__EXERCISE GOAL__: Each record that follows is to be transcribed exactly, excluding its images.

__RECORDS TO PROCESS__:
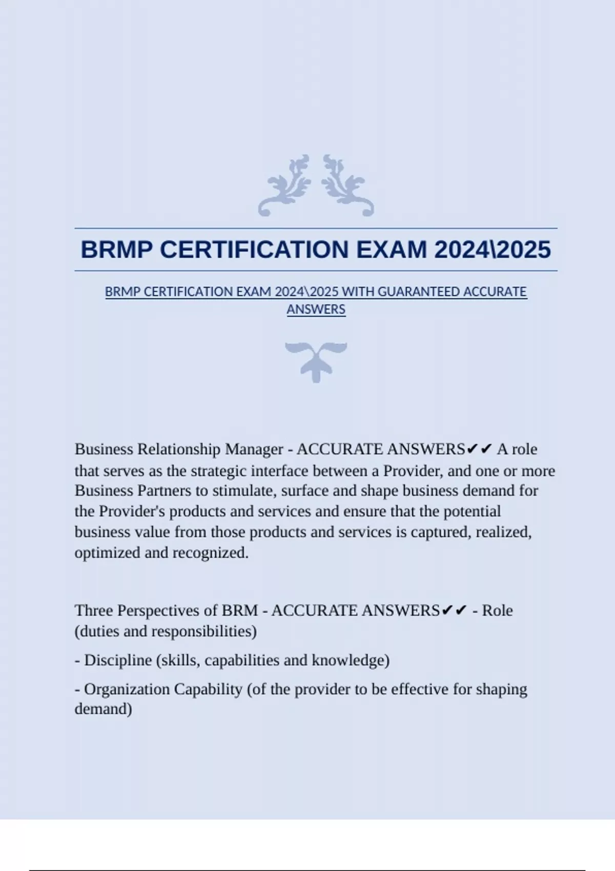 BRMP CERTIFICATION EXAM 2024\2025 WITH GUARANTEED ACCURATE
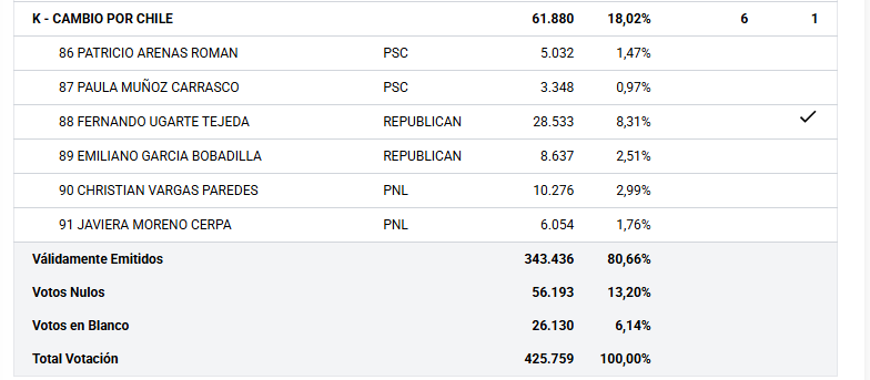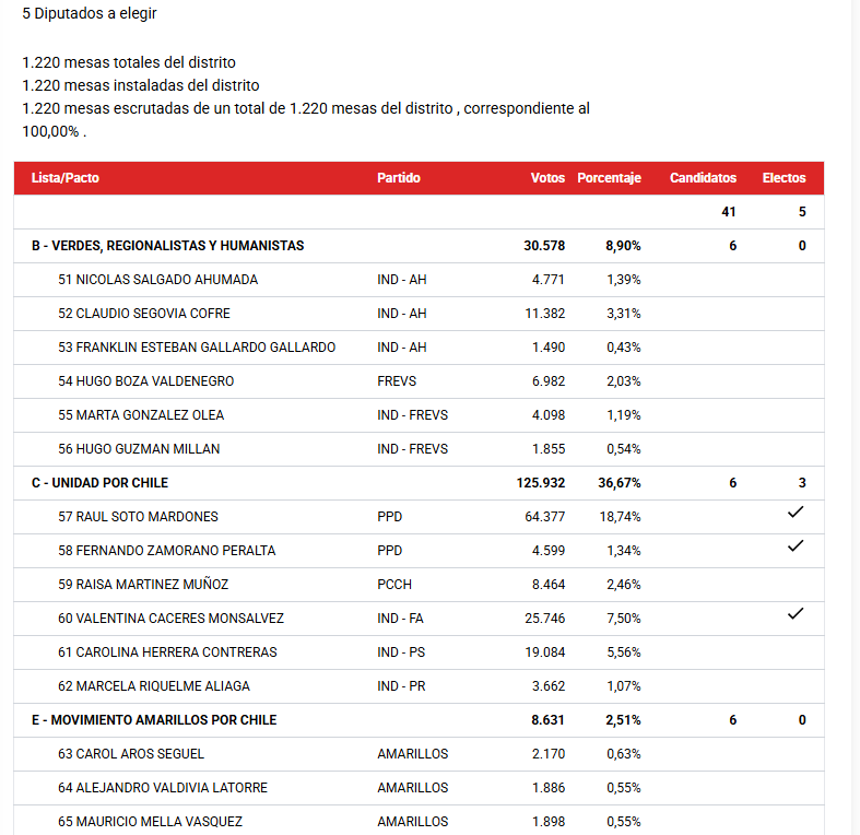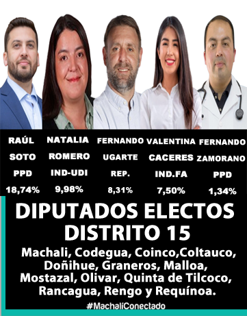 Este domingo 16 de noviembre se eligió a los diputados que representarán al Distrito 15 en el congreso en el periodo 2026-2030, saliendo reelectos Raúl Soto y Natalia Romero y electos por primera vez el Republicano Fernando Ugarte, Valentina Caceres independiente con cupo del Frente Amplio y Fernando Zamorano del PPD que por el sistema de arrastre consiguió un cupo.
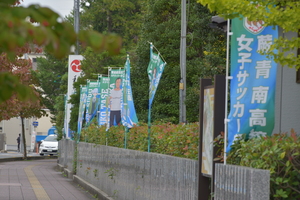 「さよなら私のクラマー」のキャラクターのぼりが市内に立っています
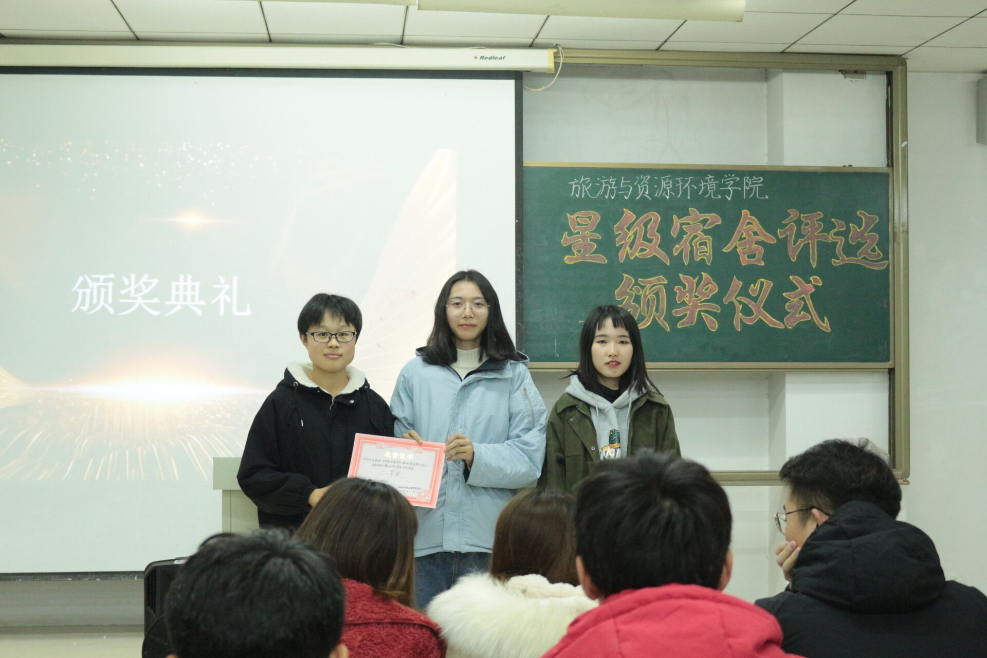 活动伊始,由宿管部成员李世龙同学详细的讲解此次星级宿舍的评选标准,并负责展示星级宿舍内部环境和播放获奖宿舍的PPT和宿舍安全短视频,在欣赏优秀宿舍作品的同时,大家学习了星级宿舍的长处,也在宿舍安全短视频中获得了许多启示。随后,主持人宣读获奖名单,各宿舍舍长上台领奖,并由五星级宿舍获奖代表董悦欣发表获奖感言。活动最后,文明自律委员会主席王诣做总结发言,提到即使星级宿舍评比已经结束,但宿舍的各方面仍旧需要加强管理,同时希望大家继续保持,并营造一个具有浓厚学习氛围的宿舍环境。
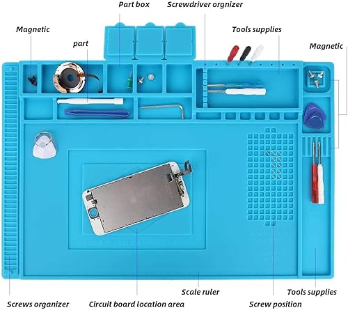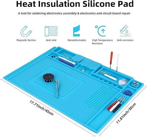 Aweohtle Lötmatte Silikon 500℃ Hitzebeständige Magnetisch Reparatur Matte Arbeitsmatte soldering mat antistatisch für Lötpistolen, Heißpistolen - groß 45x 30cm
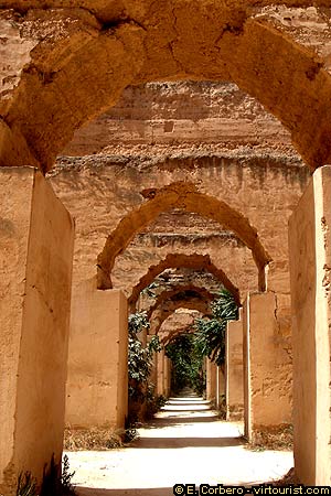 Although the Royal stables are not very well preserved, they are an impressive sight. They were built to keep 12,000 horses. Unfortunately the 18th century earthquake tore down its roof. Nowadays foliage has taken most part of the stables. Nevertheless, this is one of Meknes highlights.
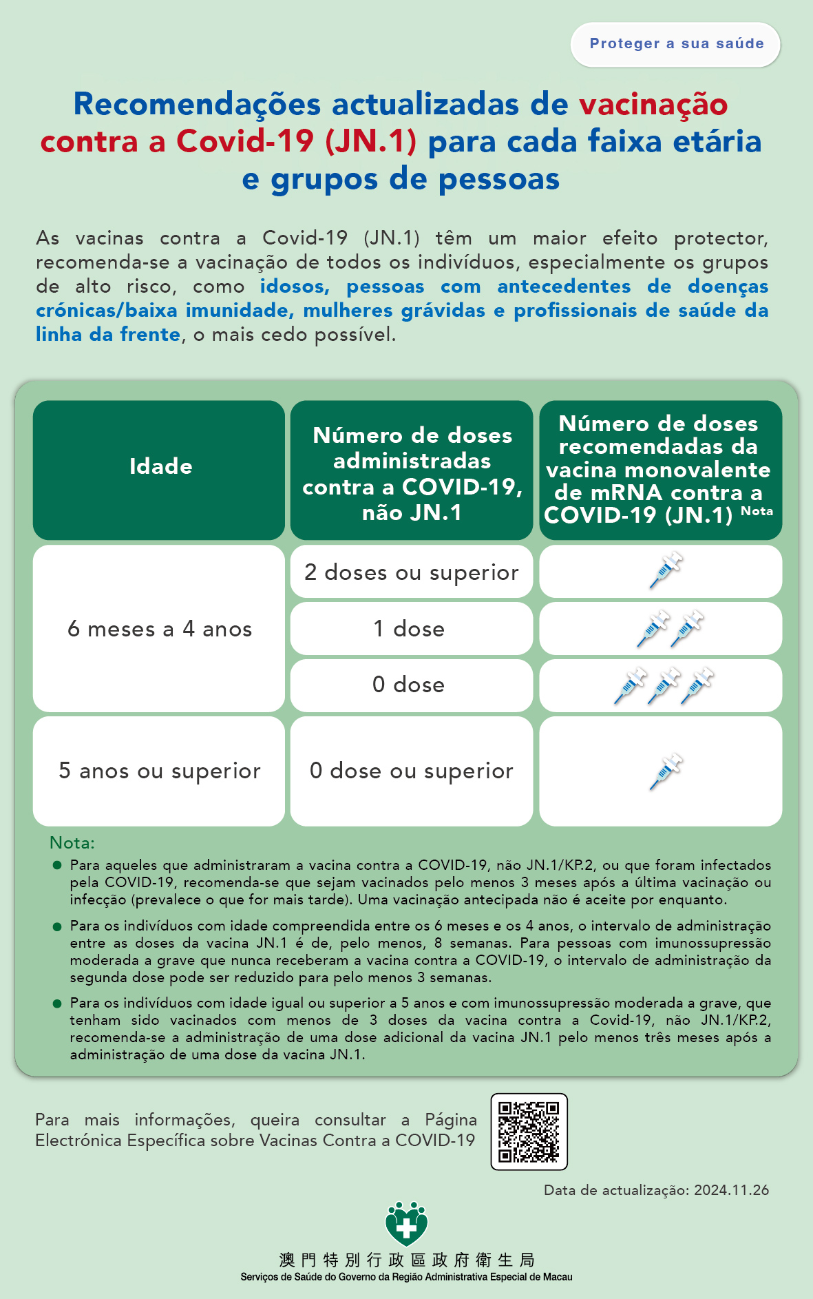 - Recomenda-se que as pessoas que tenham sido recentemente inoculadas vacina não JN.1 (tal como vacina XBB) ou infectadas pelo SARS-CoV-2, sejam vacinadas três (3) meses após a sua última vacinação ou infecção (prevalece o que ocorreu mais tarde).
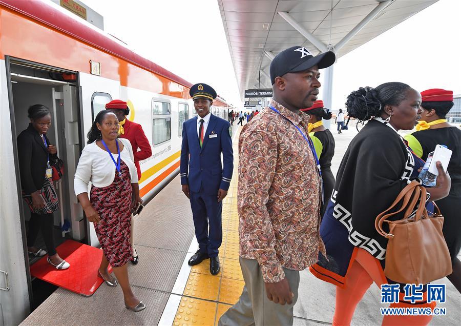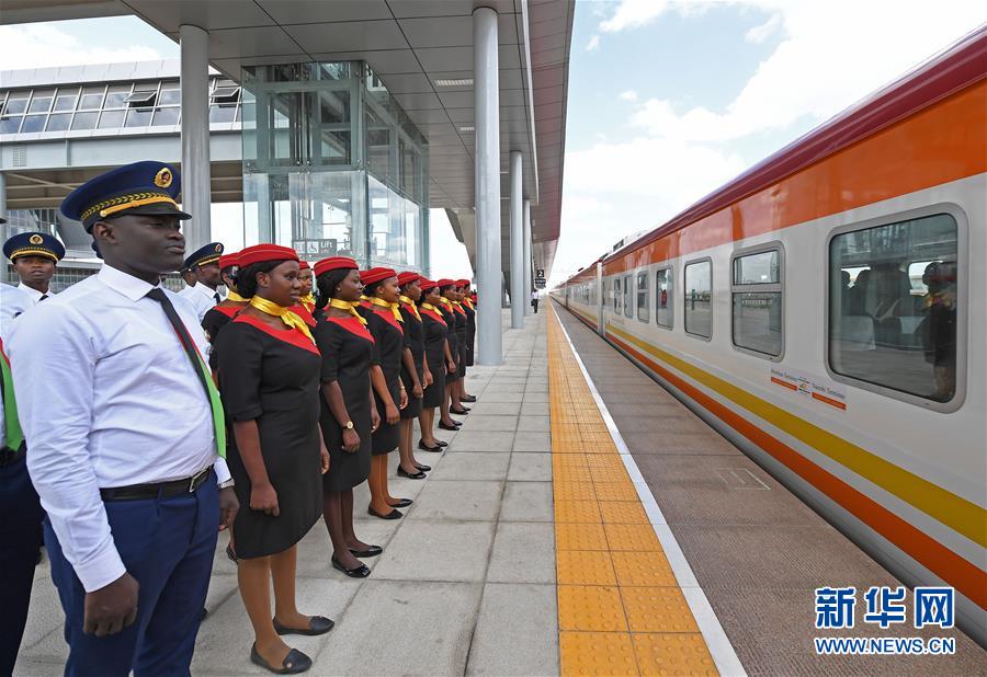 6月9日,在肯尼亞內(nèi)羅畢,乘務(wù)人員在內(nèi)羅畢火車站迎接旅客。蒙內(nèi)鐵路運(yùn)營(yíng)公司8日發(fā)布消息說(shuō),截至7日,由中國(guó)企業(yè)承建的蒙巴薩-內(nèi)羅畢標(biāo)軌鐵路(蒙內(nèi)鐵路)客運(yùn)服務(wù)運(yùn)營(yíng)已滿7天,累計(jì)發(fā)送旅客近1.2萬(wàn)人。新華社記者陳誠(chéng)攝 -

__ANSWER__:
 BRMP CERTIFICATION EXAM 2024\2025 WITH GUARANTEED ACCURATE
 Este domingo 16 de noviembre se eligió a los diputados que representarán al Distrito 15 en el congreso en el periodo 2026-2030, saliendo reelectos Raúl Soto y Natalia Romero y electos por primera vez el Republicano Fernando Ugarte, Valentina Caceres independiente con cupo del Frente Amplio y Fernando Zamorano del PPD que por el sistema de arrastre consiguió un cupo.
 「さよなら私のクラマー」のキャラクターのぼりが市内に立っています
 活动伊始,由宿管部成员李世龙同学详细的讲解此次星级宿舍的评选标准,并负责展示星级宿舍内部环境和播放获奖宿舍的PPT和宿舍安全短视频,在欣赏优秀宿舍作品的同时,大家学习了星级宿舍的长处,也在宿舍安全短视频中获得了许多启示。随后,主持人宣读获奖名单,各宿舍舍长上台领奖,并由五星级宿舍获奖代表董悦欣发表获奖感言。活动最后,文明自律委员会主席王诣做总结发言,提到即使星级宿舍评比已经结束,但宿舍的各方面仍旧需要加强管理,同时希望大家继续保持,并营造一个具有浓厚学习氛围的宿舍环境。
 Aweohtle Lötmatte Silikon 500℃ Hitzebeständige Magnetisch Reparatur Matte Arbeitsmatte soldering mat antistatisch für Lötpistolen, Heißpistolen - groß 45x 30cm
 Although the Royal stables are not very well preserved, they are an impressive sight. They were built to keep 12,000 horses. Unfortunately the 18th century earthquake tore down its roof. Nowadays foliage has taken most part of the stables. Nevertheless, this is one of Meknes highlights.
 - Recomenda-se que as pessoas que tenham sido recentemente inoculadas vacina não JN.1 (tal como vacina XBB) ou infectadas pelo SARS-CoV-2, sejam vacinadas três (3) meses após a sua última vacinação ou infecção (prevalece o que ocorreu mais tarde).
 6月9日,在肯尼亞內(nèi)羅畢,乘務(wù)人員在內(nèi)羅畢火車站迎接旅客。蒙內(nèi)鐵路運(yùn)營(yíng)公司8日發(fā)布消息說(shuō),截至7日,由中國(guó)企業(yè)承建的蒙巴薩-內(nèi)羅畢標(biāo)軌鐵路(蒙內(nèi)鐵路)客運(yùn)服務(wù)運(yùn)營(yíng)已滿7天,累計(jì)發(fā)送旅客近1.2萬(wàn)人。新華社記者陳誠(chéng)攝 -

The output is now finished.